Daily market wire 9 April 2018

Lachstock Consulting, April 9, 2018

Friday’s futures markets


  • CBOT wheat up 7.5c to 472.25c,
  • Kansas wheat up 8.25c to 506.75c,
  • Corn down 1c to 388.5c,
  • Soybean up 2.5c to 1033.75c,
  • Winnipeg Canola up 2.80$C to 531.8$C,
  • Matif canola unchanged at 352.5€.
  • The Dow Jones down -572.46 to 23,932.76,
  • Crude Oil down 1.48c to $US62.06 per barrel,
  • AUD down to 0.767c,
  • CAD down to 1.27c, (AUDCAD 0.979) and the
  • EUR up to 1.227c (AUDEUR 0.624).


Wheat caught a bid as unfavourable weather conditions continued to affect yield potential in winter wheats and planting potential in the spring wheats. Implied volatility in May Soft Red Winter (SRW) wheat futures went out at a whopping 30.125 per cent (pc).

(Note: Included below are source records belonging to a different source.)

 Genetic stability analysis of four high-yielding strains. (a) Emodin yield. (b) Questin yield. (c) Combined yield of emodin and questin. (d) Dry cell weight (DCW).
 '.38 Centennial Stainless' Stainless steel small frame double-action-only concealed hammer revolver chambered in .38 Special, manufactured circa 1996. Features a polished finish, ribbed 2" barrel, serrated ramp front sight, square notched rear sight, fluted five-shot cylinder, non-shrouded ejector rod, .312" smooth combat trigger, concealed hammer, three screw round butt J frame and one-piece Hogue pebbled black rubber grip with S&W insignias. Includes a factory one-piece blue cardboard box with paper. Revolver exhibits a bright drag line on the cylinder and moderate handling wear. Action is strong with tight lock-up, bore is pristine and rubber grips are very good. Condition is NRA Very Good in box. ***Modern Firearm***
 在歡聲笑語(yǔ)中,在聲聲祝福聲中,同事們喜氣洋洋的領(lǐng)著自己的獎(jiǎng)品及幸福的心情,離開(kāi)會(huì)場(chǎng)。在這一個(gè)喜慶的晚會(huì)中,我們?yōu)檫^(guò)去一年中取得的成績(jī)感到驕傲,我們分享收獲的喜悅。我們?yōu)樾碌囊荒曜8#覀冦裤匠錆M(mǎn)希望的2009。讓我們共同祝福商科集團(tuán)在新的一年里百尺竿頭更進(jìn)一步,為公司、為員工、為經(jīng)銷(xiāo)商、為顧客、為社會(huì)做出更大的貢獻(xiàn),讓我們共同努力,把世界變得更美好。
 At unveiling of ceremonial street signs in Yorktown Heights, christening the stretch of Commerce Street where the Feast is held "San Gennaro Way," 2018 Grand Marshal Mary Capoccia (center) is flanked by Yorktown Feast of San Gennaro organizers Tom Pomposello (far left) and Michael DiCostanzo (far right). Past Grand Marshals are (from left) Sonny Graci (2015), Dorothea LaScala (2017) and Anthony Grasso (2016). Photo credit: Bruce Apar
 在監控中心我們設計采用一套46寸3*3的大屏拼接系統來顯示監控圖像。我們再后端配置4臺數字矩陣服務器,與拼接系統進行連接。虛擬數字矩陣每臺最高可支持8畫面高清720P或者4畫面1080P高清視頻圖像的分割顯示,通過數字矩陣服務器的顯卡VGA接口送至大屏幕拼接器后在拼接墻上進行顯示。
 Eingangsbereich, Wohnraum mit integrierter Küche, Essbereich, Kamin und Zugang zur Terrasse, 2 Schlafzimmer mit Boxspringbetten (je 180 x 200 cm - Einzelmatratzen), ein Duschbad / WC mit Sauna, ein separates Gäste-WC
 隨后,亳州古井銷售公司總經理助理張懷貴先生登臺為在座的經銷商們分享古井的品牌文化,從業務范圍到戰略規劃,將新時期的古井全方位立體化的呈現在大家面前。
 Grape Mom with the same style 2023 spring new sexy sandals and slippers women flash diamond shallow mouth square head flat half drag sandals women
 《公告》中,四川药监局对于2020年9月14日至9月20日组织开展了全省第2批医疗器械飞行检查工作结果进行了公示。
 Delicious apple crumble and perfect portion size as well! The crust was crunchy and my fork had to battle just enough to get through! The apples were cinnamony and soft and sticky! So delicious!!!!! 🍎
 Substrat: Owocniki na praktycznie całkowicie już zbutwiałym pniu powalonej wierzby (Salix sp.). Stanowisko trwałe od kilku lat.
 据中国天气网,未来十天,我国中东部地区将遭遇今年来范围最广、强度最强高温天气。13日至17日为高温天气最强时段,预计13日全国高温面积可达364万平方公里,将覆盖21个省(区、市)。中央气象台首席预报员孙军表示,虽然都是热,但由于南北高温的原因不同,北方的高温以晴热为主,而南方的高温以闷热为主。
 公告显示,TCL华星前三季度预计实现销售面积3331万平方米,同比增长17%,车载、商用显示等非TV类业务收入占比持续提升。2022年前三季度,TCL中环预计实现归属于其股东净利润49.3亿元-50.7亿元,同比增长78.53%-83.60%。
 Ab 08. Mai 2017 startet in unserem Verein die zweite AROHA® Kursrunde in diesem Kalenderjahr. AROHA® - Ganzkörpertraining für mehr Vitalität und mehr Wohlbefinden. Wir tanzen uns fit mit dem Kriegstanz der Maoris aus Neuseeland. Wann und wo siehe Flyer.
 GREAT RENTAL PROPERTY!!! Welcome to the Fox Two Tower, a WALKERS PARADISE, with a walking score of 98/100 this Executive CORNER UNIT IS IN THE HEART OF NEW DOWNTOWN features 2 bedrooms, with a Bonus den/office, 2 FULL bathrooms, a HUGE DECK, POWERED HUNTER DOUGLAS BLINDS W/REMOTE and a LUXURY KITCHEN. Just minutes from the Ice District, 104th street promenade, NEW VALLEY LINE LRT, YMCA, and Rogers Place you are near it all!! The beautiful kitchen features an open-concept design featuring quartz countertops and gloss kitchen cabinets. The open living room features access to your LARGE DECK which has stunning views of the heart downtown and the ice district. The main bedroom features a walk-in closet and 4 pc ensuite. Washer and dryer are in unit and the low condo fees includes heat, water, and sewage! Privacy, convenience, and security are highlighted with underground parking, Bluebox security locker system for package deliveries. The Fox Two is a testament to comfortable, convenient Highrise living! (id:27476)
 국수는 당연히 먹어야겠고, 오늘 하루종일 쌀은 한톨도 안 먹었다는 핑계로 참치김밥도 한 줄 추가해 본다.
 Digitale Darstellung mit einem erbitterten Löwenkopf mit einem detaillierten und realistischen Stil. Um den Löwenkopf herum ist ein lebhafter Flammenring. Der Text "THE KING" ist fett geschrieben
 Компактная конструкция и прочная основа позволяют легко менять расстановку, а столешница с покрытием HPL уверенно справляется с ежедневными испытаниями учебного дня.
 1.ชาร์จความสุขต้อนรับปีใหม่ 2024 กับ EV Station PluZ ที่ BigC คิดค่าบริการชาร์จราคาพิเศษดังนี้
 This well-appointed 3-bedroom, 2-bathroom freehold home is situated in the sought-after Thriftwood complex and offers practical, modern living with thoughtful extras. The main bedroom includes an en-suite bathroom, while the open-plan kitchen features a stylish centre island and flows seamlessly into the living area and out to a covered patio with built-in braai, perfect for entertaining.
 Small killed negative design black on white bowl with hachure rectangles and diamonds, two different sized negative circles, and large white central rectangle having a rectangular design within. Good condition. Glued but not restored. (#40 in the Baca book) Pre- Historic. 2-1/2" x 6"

Cold and wet conditions are making it impossible for spring wheat to achieve the USDA’s forecast increased planted area; Minneapolis futures finished up US17.5c/bu.

Looking ahead this week and the forecast looks dry for Hard Red Winter (HRW) wheat areas, April is a critical month for the HRW crop and rainfall so far is unlikely to prevent further yield declines.

In Europe, Matif wheat finished with slight gains while Russian free on board (fob) values were unchanged.

The weekly Commitment of Traders report (COT) had the weekly change in short position contracts in SRW go to 74,600 from 75,100 and long-positions in HRW to 16,100 contracts from 18,800.


Soybeans overcame further political pressure to finish fractions higher. The Trump government raised the tariff stakes again, stating that they would consider taxing an additional US$100billion worth of Chinese goods.

Bean export inspections were solid, with 130,000t going to Mexico, whilst 458,000t went to “unknown” which the market suspects is China as traders push to get business on before the tariff deadline.

The tariff influence is becoming less compelling, given that the SnD is not changed, just its composition.

Soymeal was up $2.70/t, while soyoil finished down 25points.

The Commitment of Traders report had funds +144,000 contracts from 127,400 previous week.

South American production remains an ongoing concern, with Argy estimates continuing to decline.


Corn followed price action in beans, after trading lower in response to the tariff announcement, prices managing to recover most of their losses in a resilient session.

The weaker close was attributed to market on close selling, corn was trading higher towards the end of the session as the market pencilled in sharp declines in old crop stocks and prices in the risk of lower planted acres.

A 100,000t flash sale of corn was announced to Egypt.

The COT came in +178,500 contracts from 123,500.


Aussie markets found strong bids in cereals last week, thanks to ongoing dryness, which raised concerns for new crop, prompting consumers to increase some coverage.

Old crop markets in the north shifted approximately A$10/t last week.

The 8-day forecast is showing potential for 10-15 mm in some Victorian and NSW cropping regions, though it doesn’t appear to significantly penetrate the key production region.